'There's two ways of living here now. There's the old way, look out for your family, die where you was born, fish, cut your wood, keep a garden, make do with what you got. Then there's the new way. Work out, have a job, somebody tell you what to do, your brother's in South Africa, your mother's in Regina, buy every goddamn cockadoodle piece of Japanese crap can. Leave home. Go off to look for work. And some has a hard time of it. . . . Now we got to deal with Crock-Pots and consumer ratings, asphalt driveways, lotteries, fried chicken franchises, Mint Royale coffee and gourmet shops, all that stuff.'

These lines are spoken by Jack Buggit after Tert Card leaves town to take a job working for an oil supply company. He is explaining to Quoyle the new "lifestyles" section of the newspaper that Quoyle will launch; this section will now address both the old lifestyle, and the new. The quotation references the of the uncertainty surrounding social and economic change. Jack's tone when talking about the "old" ways is much more benevolent than his snide impatience with the "new" way of life. The old types look out for their kin while the new ones buy "goddamn cockadoodle … crap." The old way dramatizes values of rugged individualism, familial loyalty, and subsistence living, while the new way suggests separation from family, alienation of the worker, and a global trading system.

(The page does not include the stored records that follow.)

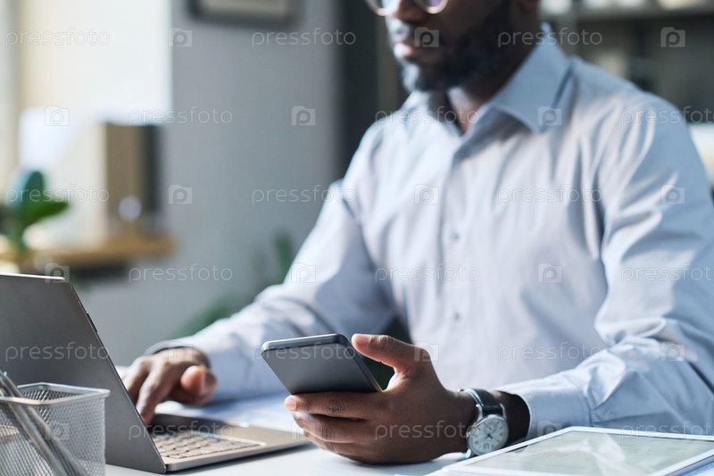 Чёрный мужчина директор компании использует смартфон и ноутбук в офисе
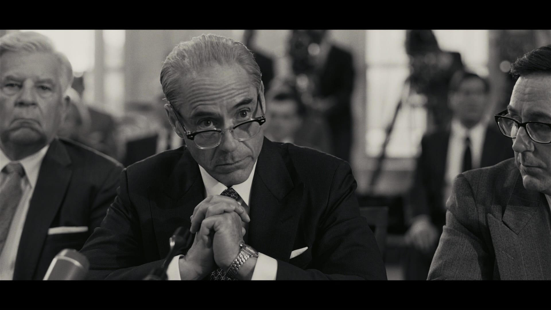There’s also a framing sequence built around a 1954 hearing over Oppenheimer’s security clearance that’s tied to the Senate confirmation of Lewis Strauss as Eisenhower’s Secretary of Commerce five years later. It’s a lot, setting the stakes in the “J. Robert Oppenheimer has to think about his whole life before he goes onstage” mode, but it also gives us Robert Downey Jr. as a particularly pissy Strauss, the closest thing Nolan offers to a villain beyond the Axis powers. (Fun fact: Inception, Nolan’s actual heist movie, doesn’t really have a villain either.)
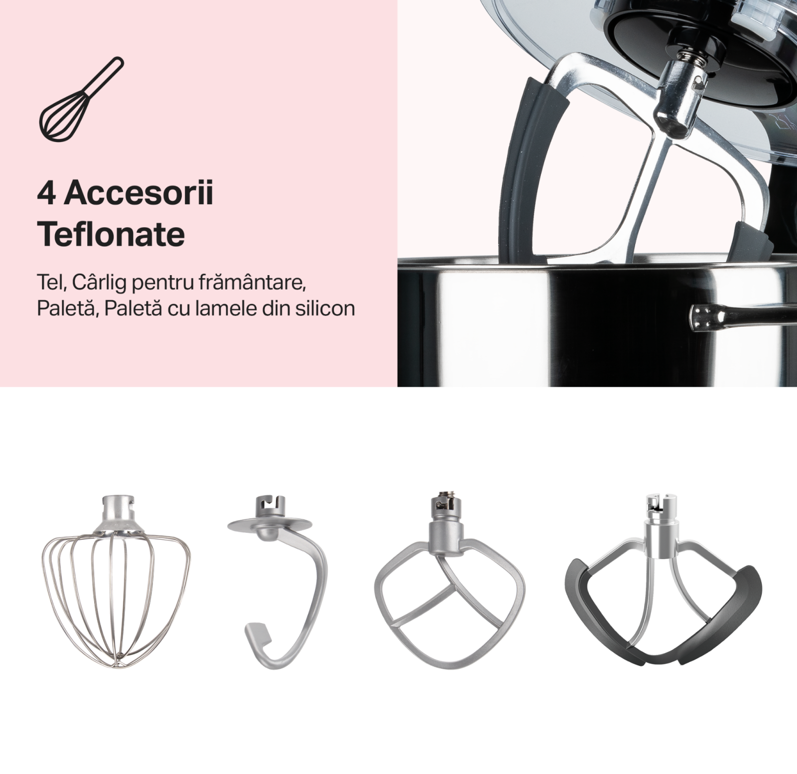 Accesorii incluse: tel din inox, cârlig pentru frământare, paletă pentru amestecat, paletă teflonată, paletă cu garnitura de silicon, bol, capac pentru bol
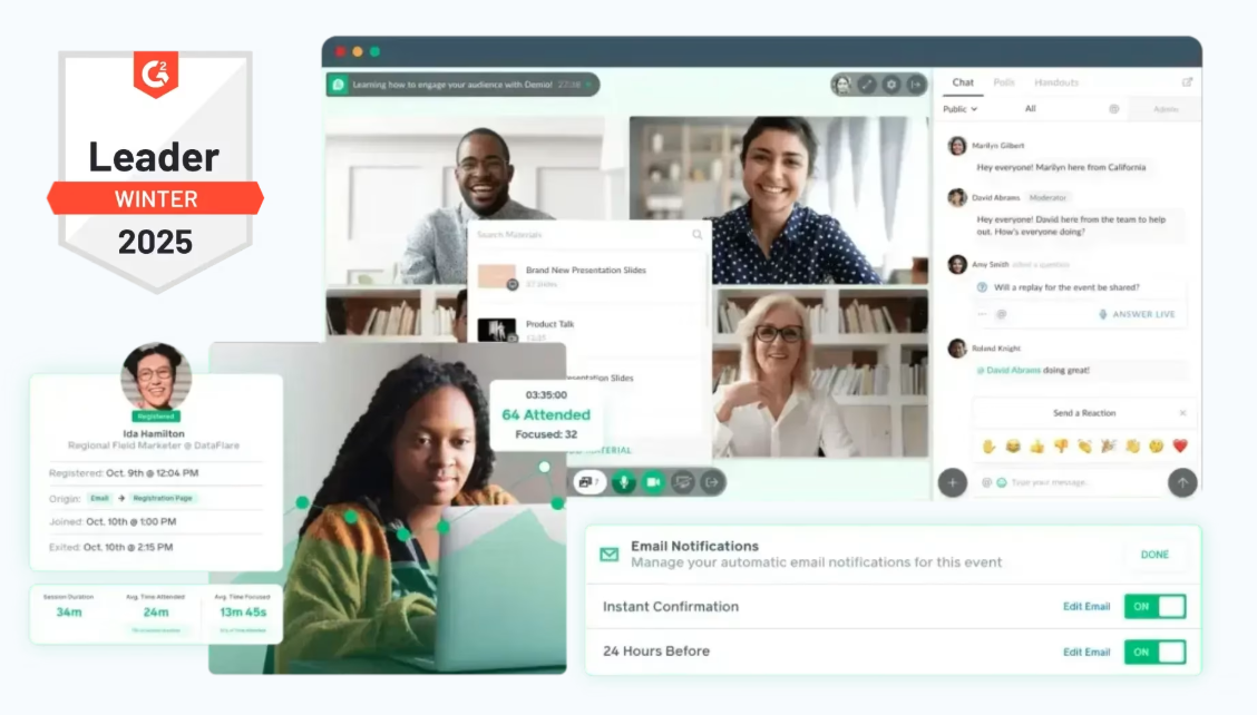 BigMarker se especializa en eventos virtuales de gran escala y experiencias inmersivas que rivalizan con eventos presenciales. Su capacidad para manejar audiencias masivas y múltiples presentadores simultáneos la convierte en la opción preferida para conferencias virtuales y cumbres empresariales.

The words used to describe the old way of life are far fewer in number than the words describing the new economic and social order; the paragraph in this way actually acts out the very difference that is its subject—a more complex life requires a longer explanation, has more facets that must be included and comprehended. Although Jack Buggit shows a strong bias for the old way of life, his general point is that they have to change the section of the paper that deals with lifestyle in order to address the change. This passage shows him anticipating the inevitability of change; like it or not, it's coming and a newspaper—just like the people it serves—will have to acknowledge this new way of life.